Betroffene reagieren häufig zu spät

  • Lesedauer: 2 Min.

Bonn. Wegen unbezahlter Rechnungen ist im vergangenen Jahr rund 330 000 Haushalten in Deutschland der Strom abgestellt worden. Neben den Sperrungen der Anschlüsse hat es im Jahr 2016 zudem etwa 6,6 Millionen Sperrandrohungen gegen säumige Zahler gegeben. Das geht aus dem Entwurf für den Jahresmonitoringbericht von Bundesnetzagentur und Bundeskartellamt hervor, der der Nachrichtenagentur dpa vorliegt. Die Zahl der Stromabschaltungen im Auftrag der örtlichen Grundversorger ist damit im Vergleich zum Jahr zuvor nur leicht zurückgegangen. Damals gab es etwas über 331 000 Fälle, wo Haushalten die Stromzufuhr gekappt wurde.

Stromsperren sind als letztes Mittel der Versorger bei Zahlungsrückständen von mindestens 100 Euro, mehreren Mahnungen und einer Sperrandrohung mit letzter Zahlungsfrist möglich. Für die Betroffenen bringen sie hohe Zusatzkosten, denn die Kunden müssen nicht nur die aufgelaufenen Rechnungen, sondern auch die Sperrung und den späteren Wiederanschluss selbst bezahlen: Nach dem Bericht fielen dafür im Schnitt jeweils 35 bis 40 Euro an, wobei einzelne Versorger wesentlich höhere Beträge von jeweils bis zu 200 Euro forderten.

Nach den Beobachtungen von Verbraucherzentralen und Sozialbehörden reagieren Betroffene oft zu spät auf die drohende Zahlungsunfähigkeit.
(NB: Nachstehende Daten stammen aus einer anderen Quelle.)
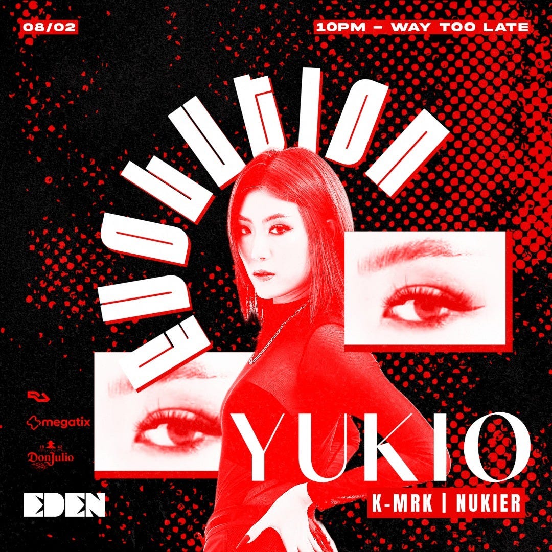 Prepare to groove all night long with YUKIO at EDEN! 🎶 Join us on February 8th for an electrifying blend of House and Trance, driven by her unique half Japanese and Thai background. 🚀 Don't let the chance slip away to experience the enchantment of South East Asia's emerging talent.

Teil des Problems sind auch die stark gestiegenen Strompreise: Seit dem Jahr 2000 haben sie sich für Haushaltskunden von 15 Cent pro Kilowattstunde auf um die 30 Cent verdoppelt. Die durchschnittlichen Realeinkommen stiegen im selben Zeitraum dagegen nur kaum. Vor allem für Arme Menschen ist dies ein Problem. Der Energieanteil in den Hartz-IV-Regelsätzen deckt nach Meinung von Sozialverbänden den Strombedarf eines Ein-Personen-Haushaltes bei weitem nicht ab.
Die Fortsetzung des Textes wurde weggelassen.